Tuesday, August 02, 2011

Wheeeeeeeee!

Going to Ireland tomorrow, the whole lot of us! I'm bringing library books to read on the trip - very daring, but it's two new (to me) authors that I found and now want to read all of. If that makes sense.

And I just wrote a long post that got accidentally wiped. Fuck. Starting over. Annoyed and brief now.

Bringing Eric Ambler books.  Have read Cause for Alarm, his fourth, am reading Journey Into Fear. From the Pan Classic Crime editions, they have good introductions by Robert Harris and teach me that Ambler was very anti-fascist and long entertained the view that the Soviet Union was the only hope against fascism. He was disillusioned later on and I'm looking forward to reading those books. I don't think he's pro-Soviet in the books in a too glaringly fawning way - I quite enjoy reading a political thriller that gives some credit to the Socialist movement and its fight against fascism. Actually.
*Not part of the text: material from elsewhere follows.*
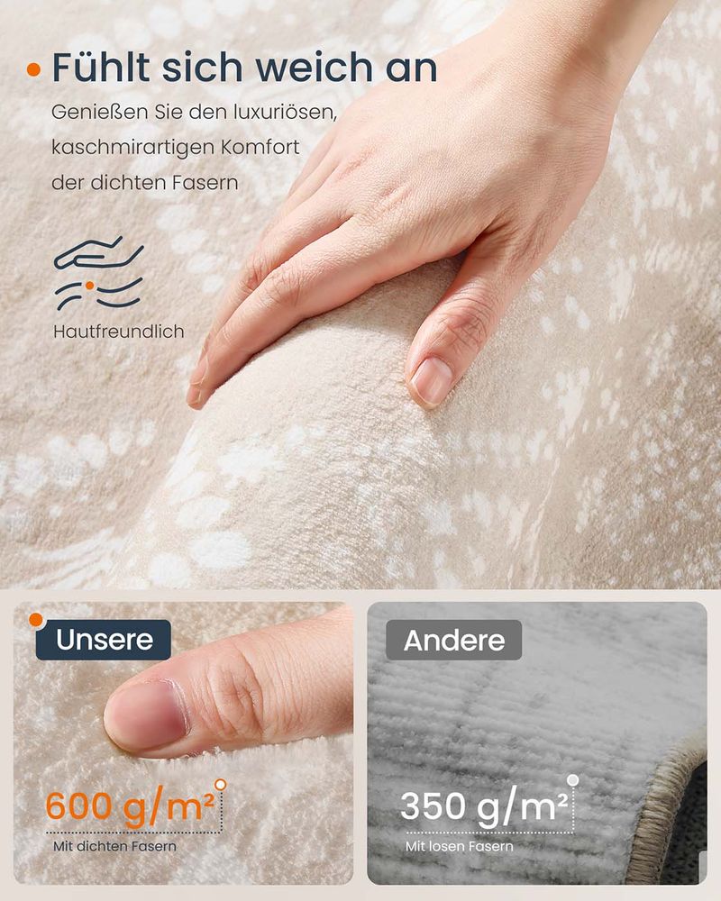 Mit einer weichen 600 g/m² Polyesterfaser-Oberschicht und einer 200 g/m² Filz-Mittelschicht fühlt sich dieser Teppich wunderbar bequem an – perfekt zum Barfußlaufen am Morgen oder zum Entspannen mit einem guten Buch.

Anyway, you have to like an author who was a friend of Hitchcock, to the point of Hitchcock arranging his second wedding. Cool.

The second author I'm bringing is Colin Cotterill. (It's bloody easier to spell Mississippi than that surname, by the way.) He writes about a coroner solving crimes in the newly founded People's Republic of Laos, in other words they're set in the past. They've been compared with Alexander McCall Smith's Mma Ramotswe novels, but the similarities lie mostly in them both being white outsiders writing about a country they love but are really not 100 % a part of. Perhaps slightly idealizing? Cotterill's are definitely grittier. On the other hand, maybe he gets away with it because people in general know feck all about Laos. We think we know lots about Vietnam or Thailand, so writing books set in the 1970s there would be trickier, we'd all be having opinions about veracity. I liked them though, I think he shows nicely how much a lot of people hoped that communism would save Laos, and how it started detereorating into the usual totalitarian depressing greyness too soon. He even manages to introduce a supernatural element without it being shite. Well played. His website is great too, worth a look. Oh, and so far I've read Anarchy and Old Dogs.

1 comment:

li'l sis said...

You ARE? Nobody tells me anything... *grumble grumble* Say hi to everybody for me!